_Entries supplied:_
○ ○ ○ ○ ○ ○ ○
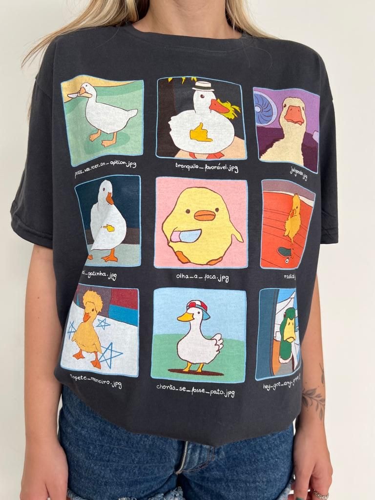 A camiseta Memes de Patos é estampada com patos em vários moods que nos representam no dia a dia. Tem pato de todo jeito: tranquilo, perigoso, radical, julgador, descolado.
○ ○ ○ ○ ○ ○ ○
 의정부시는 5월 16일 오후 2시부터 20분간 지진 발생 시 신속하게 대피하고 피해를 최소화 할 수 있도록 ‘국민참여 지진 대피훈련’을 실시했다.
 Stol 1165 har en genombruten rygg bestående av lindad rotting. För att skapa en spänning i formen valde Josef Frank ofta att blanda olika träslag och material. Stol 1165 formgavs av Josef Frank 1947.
○ ○ ○ ○ ○ ○ ○
_What to produce:_ In the listing above, find the line containing "의정부시는 5월 16일" and the line containing "Stol 1165 har". Output them and every line between, exactly, and nothing else.

_Answer space:_
 의정부시는 5월 16일 오후 2시부터 20분간 지진 발생 시 신속하게 대피하고 피해를 최소화 할 수 있도록 ‘국민참여 지진 대피훈련’을 실시했다.
 Stol 1165 har en genombruten rygg bestående av lindad rotting. För att skapa en spänning i formen valde Josef Frank ofta att blanda olika träslag och material. Stol 1165 formgavs av Josef Frank 1947.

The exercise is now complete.